- Born: 28 December 1946 Mumbai, Central India Agency, British India
- Died: 26 January 2018 (aged 71) Mumbai, Maharashtra, India
- Genres: Hindi Film Music
- Occupations: Musician, assistant music director
- Instruments: Guitar, Bass, Mandolin, Rubab, Mandola
- Years active: 1960–2017

= Gorakh Sharma =

Indian guitarist (born 1946)

Gorakh Sharma (28 December 1946 – 26 January 2018) was an Indian guitarist who is well known for his work in the Indian film industry and who is also one of the first bass guitarists in the industry. He is the younger brother of Pyarelal Sharma of the famed music duo Laxmikant-Pyarelal. During his entire music career that spanned from 1960 to 2002 he has played various string instruments in more than a 1000 songs and over 500 films.
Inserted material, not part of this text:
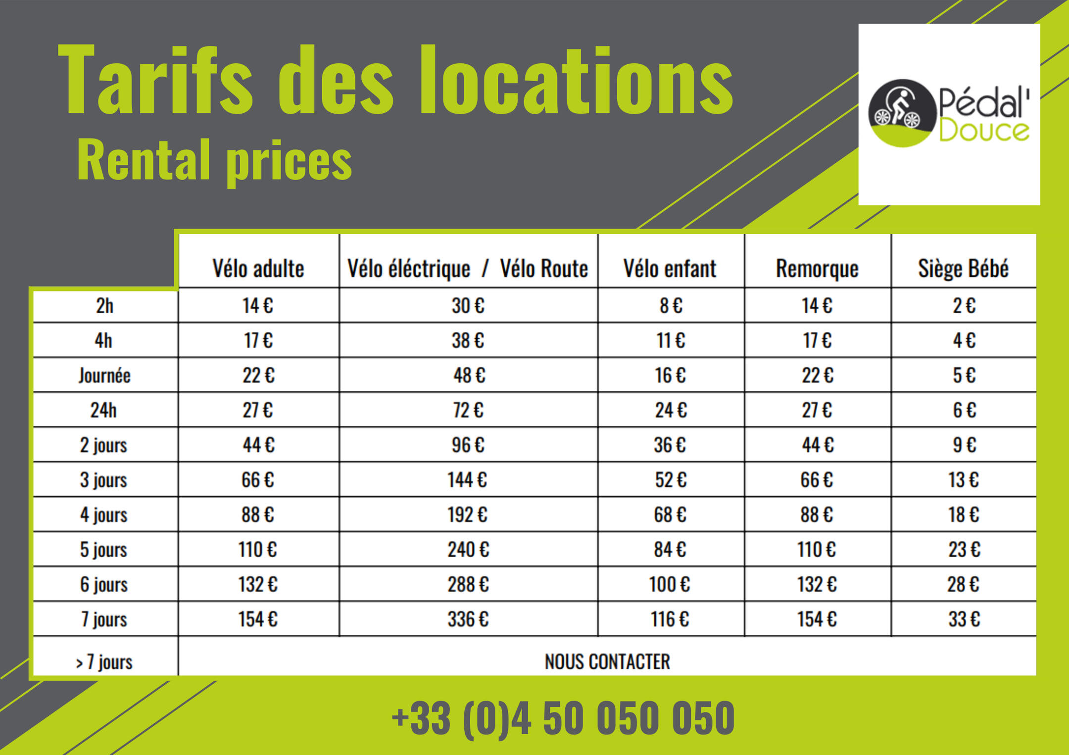 matériel dans les conditions visées aux articles concernés.Il est expressément convenu que le montant du dépôt de garantie ne saurait en aucun cas constituer une limite de garantie, le loueur conservant, le cas échéant, le droit de poursuivre le locataire à l’effet d’obtenir l’entier dédommagement de son préjudice.Conditions d'utilisation :Pour sa propre sécurité et celle des autres, le locataire reconnaît avoir l’expérience de la pratique du 2 roues que ce soit en ville comme en campagne.Dès que le locataire entre en possession du vélo cycle, il en devient le seul garde juridique et de ce fait il s’engage à l’utiliser avec soins et à respecter en tous points la règlementation en vigueur, le code de la route ainsi que les conditions d’utilisation des divers accessoires. Il demeurera en conséquence seul responsable des amendes, contraventions, procès-verbaux établis contre lui.Le locataire s'engage à ne laisser utiliser le vélo cycle par d'autres personnes que lui-même ou celle agréée par le loueur et dont il se porte garant. Il s'engage d'autre part à ne l'utiliser que pour ses besoins personnels et s'interdit de participer à toutes compétitions ainsi qu'à leur essai ou préparation.Tout usage du matériel à des fins autres que celles auxquelles il est destiné par le constructeur est interdit.Le locataire s’interdit d'effectuer des modifications ou transformations sur le vélo cycle.Les mineurs (moins de 18 ans) ne sont habilités à louer un vélo cycle qu'avec la contre-signature de leur représentant légal.Le locataire s’engage à ne pas sous-louer le matériel loué et de manière générale à ne consentir aucun droit, réel ou autre, au profit de quiconque susceptible d’en affecter la jouissance ou d’en limiter la disponibilité ou la pleine propriété du loueur.Responsabilité / Assurance :Le locataire dégage la société PEDALE DOUCE SARL de toute responsabilité découlant de l’utilisation du matériel loué notamment en ce qui concerne les accidents ou dommages corporels, matériels ou immatériels qu’il pourrait causer aux tiers ou à lui-même. Le locataire déclare à ce titre être titulaire d’une assurance personnelle en responsabilité civile.Panne / Accident :En cas de panne ou d’incident durant la location, le locataire s’engage à mettre tout en œuvre pour procéder aux premières réparations avec le kit fournis par le loueur afin de pouvoir ramener le matériel au point de location.En cas de panne ou d’accident entrainant l’immobilisation du vélo cycle, le locataire s’engage à prendre contact téléphoniquement avec le loueur qui lui indiquera les mesures à prendre.Le locataire s'interdit formellement d'abandonner le vélo cycle sans en avoir obtenu l'accord du loueur. En cas de dépannage sur place le loueur se réserve la faculté d’appliquer une facturation complémentaire au locataire.Perte / Vol / Dégradations :Le locataire ne bénéficie d’aucune couverture pour les dommages, dégradations, perte ou vol subis par le matériel loué. Le locataire s'engage à en avertir immédiatement et sans délai le loueur.En cas de perte ou de vol, le loueur encaissera le montant total du dépôt de garantie en dédommagement. En cas de vol, le locataire devra en outre présenter au loueur la déclaration de vol établie auprès des services de police.En cas de dégradation du matériel, le locataire prendra à sa charge le coût de la remise en état dudit matériel, lequel pourra être retenu sur le dépôt de garantie. En cas de faute grave caractérisée (défaut de maitrise pour conduite en état d’ivresse ou vitesse excessive), le loueur pourra réclamer outre le coût des réparations une indemnité d’immobilisation du vélo cycle correspondant au tarif journalier en vigueur dans un maximum de 10 jours.Règlement des litiges :En cas de contestation quelconque relative à l'exécution, l'interprétation ou la résiliation du présent contrat, le litige sera réglé ainsi qu’il suit :Réclamation : Toute réclamation doit être adressée au siège de la société LOUEUR, 2 rue Jean-Jaurès – 74000 ANNECYMédiation : En cas d'échec de la demande de réclamation auprès de la société PEDALE DOUCE SARL ou en l'absence de réponse dans un délai de deux mois, le Locataire peut soumettre le différend l'opposant au loueur à un médiateur, l’association JURIMEDIATION, dont le siège social est à ANNECY (74000), 9 rue Guillaume Fichet (Numéro préfectoral 0741013287/http://www.juri-mediation.fr Tél. 04 50 45 60 80) qui tentera, en toute indépendance et impartialité, de rapprocher les parties en vue d'aboutir à une solution amiable.Les parties au contrat restent libres d'accepter ou de refuser le recours à la médiation ainsi que, en cas de recours à la médiation, d'accepter ou de refuser la solution proposée par le médiateur. La procédure finit par un règlement amiable du médiateur ou d'une autre autorité compétente.A défaut de médiation, le litige pourra être porté devant les juridictions compétentes en la matière.

He was the lead guitarist for Laxmikant Pyarelal and also worked as assistant music composer with them along with Sashikant (Laxmikant brother)

==Early life==
Gorakh Ramprasad Sharma (born 28 December 1946) is the son of a renowned trumpeter Pandit Ramprasad Sharma (popularly known as Babaji), who taught him the basics of music. He mastered the art of reading music notations from Babaji and the art of playing various string instruments. He has played the mandolin, mandola, rubab and numerous types of guitars like the acoustic, jazz, twelve string, and the electric guitar. He was the first to have played the Bass guitar in the Indian film industry.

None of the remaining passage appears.